Letter of the Week

Rod of correction

Sir Rodric Braithwaite's summary of Afghan history suggests that our diplomats “lie abroad for their country" too long to sustain objectivity (Cover Story, 25 January). He fails to mention that the Soviet invasion of 1979 resulted from a well-baited US "bear trap". The west armed the mujahedin only to fight a proxy war. When the Soviets withdrew, Afghan factions, armed by external sponsors with differing agendas, began an immensely destructive civil war. Zbigniew Brzezinski, interviewed in 1998, expressed pride in the strategy, dismissing the deaths of more than a million Afghan Muslims, mostly civilians. "What is more important to the history of the world," he said, "the Taliban or the collapse of the Soviet empire?"

The Afghans have many reasons to distrust western motives.
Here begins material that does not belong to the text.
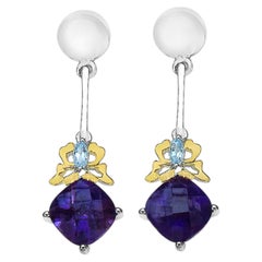 New 1.54 Carat Blue Sapphire & Gold and Blue Enamel Gold PL Sterling Earrings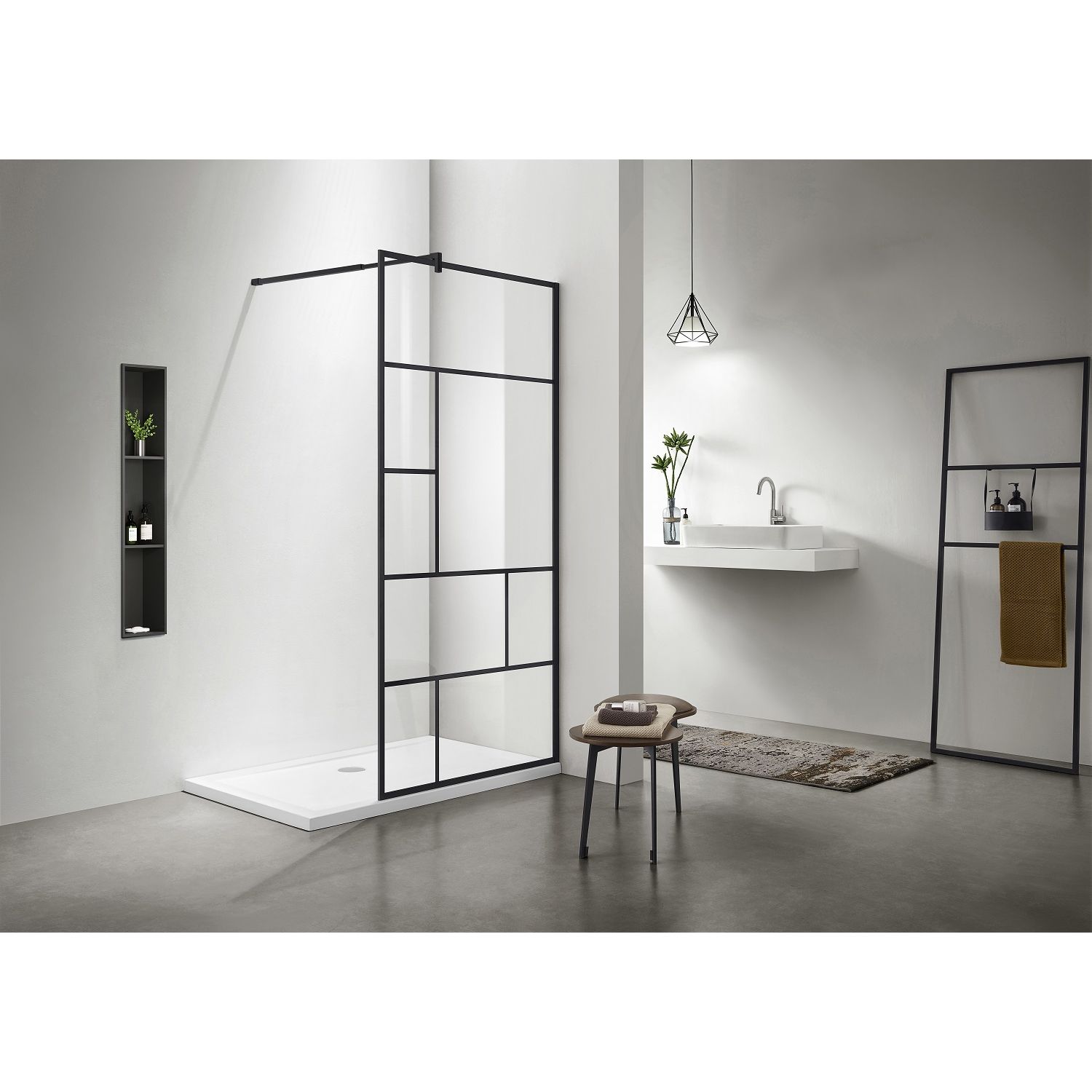 Душевая перегородка Aquatek Walk in AQ WIW Print 10020BL, держатель в комплекте, размер 1000х2000 мм, профиль чёрный, стекло прозрачное.

Sir Rodric is at least right in pointing out that after any military withdrawal we owe it to the Afghans to continue to help them repair the ravages of three decades of violence.
Howard Horsley
Much Wenlock, Shropshire

Steady, Mehdi
The usually super-savvy Mehdi Hasan is wrong on Russia's invasion of Georgia in 2008 (Dissident Voice, 25 January). If 20,000 men cross the frontiers of a sovereign state, while an air force bombs civilians and a fleet sails to bombard the enemy coast, most of us thinks that's an invasion. Hasan writes about “the traditional Tory school of scepticism in international affairs". That gave us appeasement of apartheid, support for Pinochet, a knighthood for Mugabe and a blind eye as 8,000 European Muslims were killed one by one at Srebrenica. I thought the NS was against tyranny and dictators and Tory appeasement of both?
Denis MacShane MP
House of Commons
London SW1

Profit warning
David Miliband (Cover Story, 25 January) says "the great mass of the fighters [insurgents in Afghanistan] are driven by pride or the pursuit of profit or power". Is this not the eternal motivation of politicians everywhere? Is not Miliband's article designed to conceal this truth and to promote an opposite view: that our involvement in Afghanistan is motivated by both the needs of self-defence at home and the interests of the Afghan people?
David E Clarke
London N4

Write-off
Something has gone wrong in British intellectual life if David Marquand's slovenly "review" of The Principle of Duty - originally published more than 15 years ago and now reissued in the Faber Finds series - can pass for serious comment (Books, 25 January). It is too personal, and as he appears - in a muddled way - to agree with many of the things he attributes to me, his abuse is puzzling. I'm also sorry to see a man who held an academic position in the past express himself so wildly.
David Selbourne
Via email

Fruitless task
I agree with John Pilger's criticisms of Israel (World Citizen, 18 January) and the condemnation of the practice of meeting every critical comment with accusations of anti-Semitism, but Israel is not the only government guilty in the Middle East. A cynic would suggest that we call for a boycott of Israel because we can do without the grapefruit but we cannot do without the oil.
J Seery
Middleton St George

Hair apparent

Gideon Donald has rather missed the point about David Cameron's airbrushed hairstyle (Preparing for Power, 25 January). The Tory leader is becoming follicularly challenged and, as Donald notes, the British electorate doesn't do bald. There is a third way. The last PM to have a beard, Lord Salisbury, was a Tory. By growing one, Dave can revolutionise his image and return to tradition.
Keith Flett
London N17

Feast of Stephen
Delighted to see Andrew Stephen is writing in the New Statesman again about politics in the US. I so missed his sagacious articles.
Peter Bennett
Norwich

Cheque point
Sarah Churchwell notes (Books, 18 January) that Sarah Palin considers balancing a state budget to be much the same as balancing the family chequebook. Now where have we heard that one before? Small wonder Palin makes us left-of-centre Brits feel queasy.